Tuesday, October 19, 2010

By request: on professoring

A friend just nudged me for an update on "professoring." Consider these, then, random paragraphs of the very very early tenure track:

Teaching is going pretty well, I think. I have the usual mix of students who clearly enjoy the courses and are getting a lot out of them, those who are aiming for a B or C, and those few (especially in my lower-division general ed offering) who might be disaffected by just about any history course they take.
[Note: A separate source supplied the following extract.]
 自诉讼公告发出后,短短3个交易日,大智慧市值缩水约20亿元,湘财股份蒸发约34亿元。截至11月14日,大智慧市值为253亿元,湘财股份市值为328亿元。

The student profile here, however, is very, very different from anywhere else I've taught. I don't have the institutional data with me--it's on my desk at work--but here's what I recall:
  • Number of students (grad + undergrad) at the university: 19,993
  • Average student age: 26
  • Overwhelmingly white
  • lots of married students and students with kids
  • 30% Latter Day Saints
  • Most selective public institution in Idaho, but (prepare yourselves for cognitive dissonance)...
  • 4-year graduation rate of 7 percent, 6-year graduation rate of 28 percent (yes, you read that correctly)
In other words, I'm not in the UC Davis classroom anymore. That fact is in many ways a relief, as these older students often bring deeper analytical skills to class discussions--although the writing skills of students here are on average even more dismal (many of them have let me know they never had to write a thesis statement in high school, whereas I very clearly remember learning that skill in 7th grade). I'm really enjoying working with older undergraduate students; my sense of my upper-division public history course is that most students are in their mid- to late-20s, with a smattering of students in their 30s and 40s and about the same number of traditional undergraduate age.
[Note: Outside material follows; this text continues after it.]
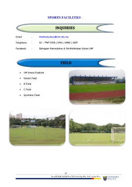 Facebook : Bahagian Kemudahan & Perkhidmatan Sukan UM

As I've mentioned before, I'm teaching two new-to-me courses, one of which is new to the university: the first "half" of the American history survey (which covers from the beginning of time to 1877) and an upper-division public history course. Next semester I'm tackling two also-new-to-me courses, a graduate seminar that introduces public history to students in the department's Master's in Applied Historical Research and a capstone senior writing course. This semester's survey course is kind of killing me, but I know I'm working less than do a lot of people teaching the course for the first time. Refusing to perform 50-minute lectures three times a week (or even once a week!) helps, as does my belief that students needn't memorize facts--because it means I myself don't feel obliged to establish a comprehensive understanding of 400+ years of U.S. history in a mere 15 weeks. I've been emphasizing critical and creative thinking skills. Best teaching decision to date: having students read Clarence Walker's 2010 book Mongrel Nation: The America Begotten by Thomas Jefferson and Sally Hemings, a slim volume that allows for all kinds of discussions of race and class in early America as well as the current political fascination with the Founders and Constitutional originalism.
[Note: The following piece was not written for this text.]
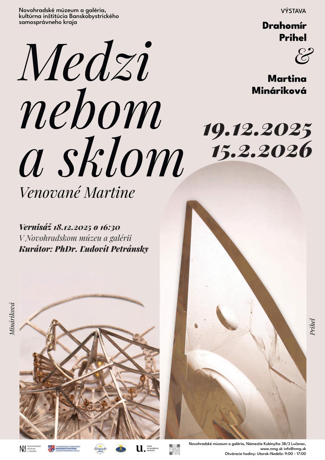 Novohradské múzeum a galéria, kultúrna inštitúcia Banskobystrického samosprávneho kraja, Vás pozýva na vernisáž výstavy „Medzi nebom a sklom“, ktorá sa uskutoční 18.12.2025 o 16:30.

I've agreed to sign on to a couple of grad student thesis committees, probably chairing both of them--one on the Master's of Applied Historical Research track and one in the more traditional M.A. program. I suspect I'll gain several more grad students after I teach the M.A.H.R. course in the spring.

Next academic year I'll take over the department's internship program for undergraduate and graduate students. I'm inheriting it from a professor emeritus who appears to have kept the program in very good shape, so I'm not too worried about it.

I've been spared departmental committee work this year, but I am taking over advising the undergraduate history club and its attendant spring conference-going. I've also taken a 16-hour student advising workshop, joined a very interesting faculty interest group on community outreach, and signed on as P.I. to a really interesting NSF grant application that needs an historian of women in science. I also just committed to serving on an advisory committee for the campus's observance of women's history month. Plus, next month I'll be stepping in at a Northwest women's history conference to cover for a faculty member from another Idaho institution; I'll be chairing a session and participating in a roundtable discussion.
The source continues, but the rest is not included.